I shuttle them in turn between home and work, since peculiarly, they touch both on my work and personal — that is to say, church — life, and I thought you might be interested in these four nonfiction reference works which take up my lunch hour and early evenings.

The first two deal with organizing data and people in nonprofit settings. More or less.

The other two deal with accounting, and while referring to software systems, are useful for reinforcing accounting concepts.

All sound too dull? I’ve also got “Frederic Henry Hedge: Unitarian Theologian of the Broad Church,” the spring-summer 1981 number of the Unitarian Universalist Christian journal. But that’s for kicks, and — alas — not online.

The word you’re looking for is decimation

Unitarian Universalist minister and blogger Dan Harper ran some of the UU congregation membership numbers, following the close of the 2011 certification period. In order to have a voting representation at General Assembly, congregations must certify their operations (held elections and worship services) and their membership. They must also make a financial contribution.

This last one is important, as non-giving suggests an unspoken or non-public grievance, since I gather even a single dollar would qualify (if not be terribly useful). But that’s for another time. What we have now are fresh membership numbers.

Three observations, with the caveat that that the facts behind these seem so volatile that I wouldn’t make any predictions from them. I’m comparing the newly certified numbers with last year’s, including any congregations admitted in midyear.

  1. Some congregations grew quite well. On a percentage basis — and ruling out the very small and a federated churches as outliers — the top two are
    • Unitarian Universalist Church of Cortland (Cortland, N.Y.), to 57 from 31.
    • Sacred Journey Fellowship (Garland, Texas), to 41 from 26.

    Congratulations.

  2. But what of two congregations? I was pleased how easily last year’s last mapped to this year’s list, with two exceptions.
    • Rainier Valley Unitarian Universalist Congregation (Seattle, Wash.), 45 members.
    • Universalist Church of Westbrook (Westbrook, Me.), 24 members.

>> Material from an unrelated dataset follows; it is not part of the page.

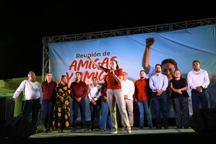 Pero el evento político principal fue el denominado “Reunión de Amigas y Amigos” realizado en predio al aire libre en Cabo San Lucas, donde en el templete se colocó una manta, que además del nombre del evento exhibía la imagen de la propia Milena con el puño en alto y del que la propia alcadesa paceña escribió en sus redes:
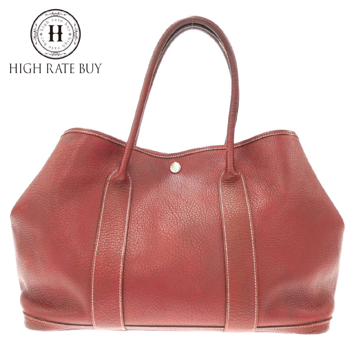 1円スタート HERMES エルメス ガーデンパーティPM □K刻 2007年 ネゴンダ ルージュアッシュ シルバー金具 トートバッグ ハンドバッグ

    These churches have an expired domain and a calendar un-updated since 2008 respectively. Is it too much to think they disbanded, merged with another congregation or disaffiliated? And if so, why is it so hard to get information about former churches; this used to be announced like a life passage. I welcome news about these. [Later. Found this blog post that mentions Ranier Valley’s closure in passing. Near the bottom.]

  3. And the big news, which occasions such a miserable blog post title. 147 congregations lost 10% or more of its reported membership in the last year. Some of these members can be surely recovered, but it’s hard to account for the diminished morale in losing fellow church-members, not to mention the lost donations. Some of these congregations were very small to begin with, so it might only take a couple of people to loose 10%. Some, too, are federated and seem to be loosing their Unitarian or Universalist part. But these two groups (federated, and where 10% or more means 3 persons or fewer) is only 14 churches. And four congregations with more than 500 members in 2010 lost more than 100 members when reporting for 2011.
  4. Assuming the two lost congregations aren’t simply a case of clerical error (pun intended), then the net change from last year is 1,152. A loss of 1,152.